Monday, April 23, 2012

Gene Wiki SPARQL endpoint

Thanks to Leyla and Alex Garcia-Castro from UniProt and Florida State University respectively, we now have access to a SPARQL endpoint for the data in the Gene Wiki.  Access it live here:
http://virtuoso.idiginfo.org/sparql
(update on 4-28-12 , that is down and a live one is currently available at
http://199.102.237.69:8890/sparql
)

Here is one query that you might like to try that finds gene-disease links that we have mined from the text:

PREFIX wiki: <http://genewikiplus.org/wiki/Special:URIResolver/>
PREFIX property: <http://genewikiplus.org/wiki/Special:URIResolver/Property-3A> 
SELECT ?gene ?disease ?gene_name ?disease_name ?doid
WHERE {
 ?gene property:Is_associated_with_disease ?disease .
 ?gene property:HasSNP ?snp .
 ?snp property:Is_associated_with_disease ?disease .
 ?gene rdfs:label ?gene_name .
 ?disease rdfs:label ?disease_name .
 ?disease rdf:type ?disease_cat .
 ?disease_cat property:HasDOID ?doid .
 ?gene rdf:type wiki:Category-3AHuman_proteins .
}

How it works in brief

  1. Articles from the Gene Wiki and from SNPedia are transferred to genewikiplus.org
  2. As they go in, they are converted into a semi-structured form that enables queries in semantic media wiki.
  3. We dump the entire thing out as one giant RDF file.
  4. Leyla loads the RDF into their Virtuoso server (and performs some enhancements such as linking directly to UniProt RDF).
  5. and wa la!
(More details about the generation of the genewiki+ are available in this soon-to-be-published paper about the SNPedia mashup and this paper about Semantic Wiki Links in Wikipedia.)

Cool next steps

The RDF has OWL:sameAs links between all the Gene Wiki entries and their RDF equivalents in DBpedia and in UniProt's RDF representation.  It should be possible to explore connections that span these three (four including SNPedia) resources using Linked Data technologies like Virtuoso's Sponger.
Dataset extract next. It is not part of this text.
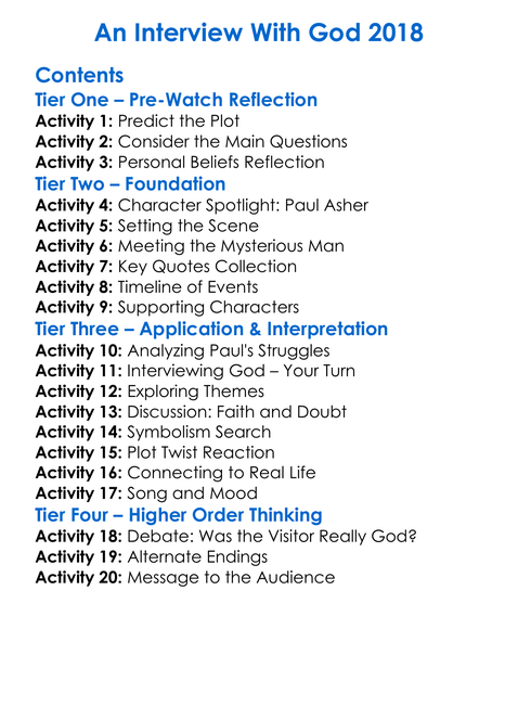 An Interview With God 2018 Worksheet Activity Booklet

Go forth! Play with our data!




3 comments:

Rob said...
This comment has been removed by the author.
Rob said...

Blogger stips the PREFIX tags. I know that you included them when you wrote the post, but for anybody reading this post and wondering why the example query doesn't seem to work, try they query at https://gist.github.com/2474895

Benjamin Good said...

Thanks for the catch Rob! I've made the prefixes visible in the post.